• Description of the task:
Please copy only the material from the line that has "2017 The Vollrath" to the very last line, both ends included, exactly as written and without pictures.

• Dataset excerpt:
-- Opening Marker --
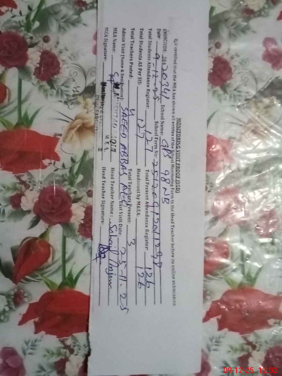 | EMIS Code: 38420341 | Name of School: GPS CHAK NO.98 NB | |||
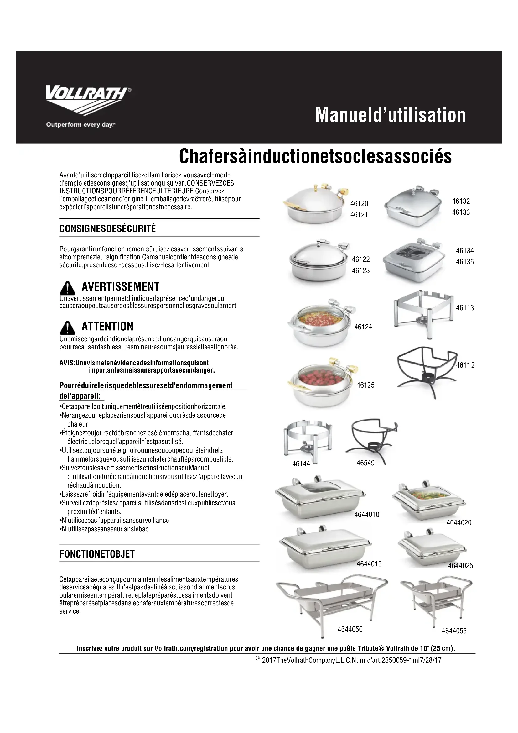 2017 The Vollrath Company L.L.C. Num. d’art. 2350059-1 ml 7/28/17 Inscrivez votre produit sur Vollrath.com/registration pour avoir une chance de gagner une poêle Tribute® Vollrath de 10" (25 cm). Avant d’utiliser cet appareil, lisez et familiarisez-vous avec le mode d’emploi et les consignes d’utilisation qui suiven. CONSERVEZ CES INSTRUCTIONS POUR RÉFÉRENCE ULTÉRIEURE. Conservez l’emballage et le carton d’origine. L'emballage devra être réutilisé pour expédier l’appareil si une réparation est nécessaire.
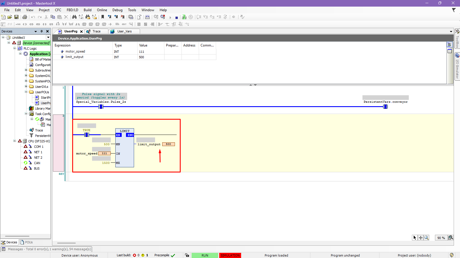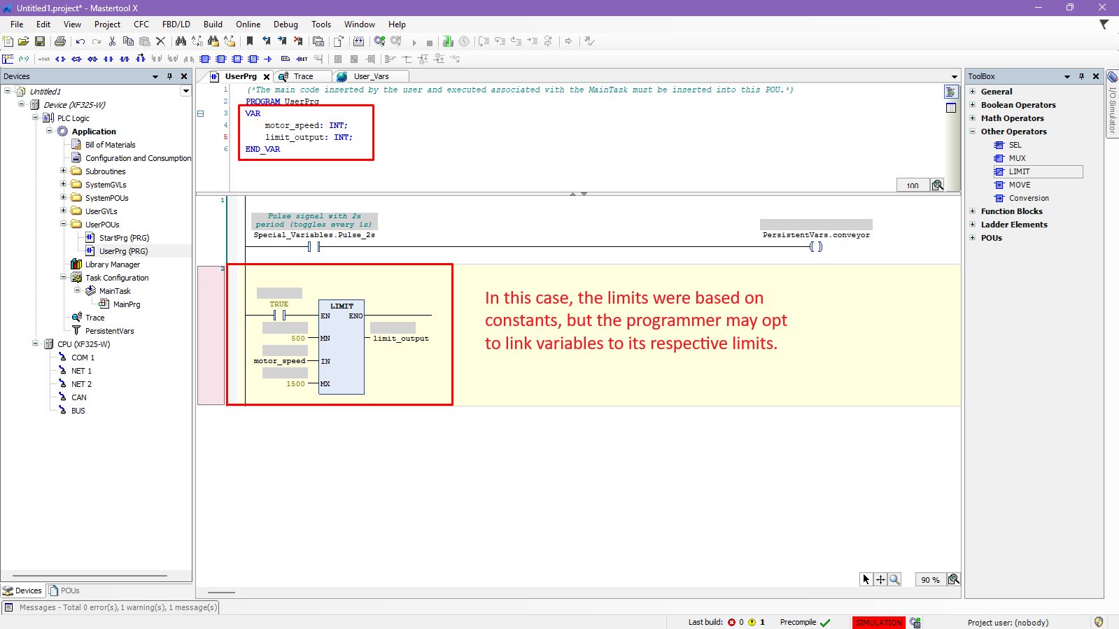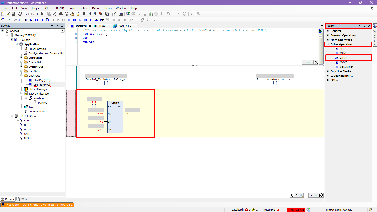 The objective of this tutorial is to explain how to insert and use the limit operator in a MasterTool X project.
-- Closing Marker --
• Solution to the problem:
 2017 The Vollrath Company L.L.C. Num. d’art. 2350059-1 ml 7/28/17 Inscrivez votre produit sur Vollrath.com/registration pour avoir une chance de gagner une poêle Tribute® Vollrath de 10" (25 cm). Avant d’utiliser cet appareil, lisez et familiarisez-vous avec le mode d’emploi et les consignes d’utilisation qui suiven. CONSERVEZ CES INSTRUCTIONS POUR RÉFÉRENCE ULTÉRIEURE. Conservez l’emballage et le carton d’origine. L'emballage devra être réutilisé pour expédier l’appareil si une réparation est nécessaire.
 The objective of this tutorial is to explain how to insert and use the limit operator in a MasterTool X project.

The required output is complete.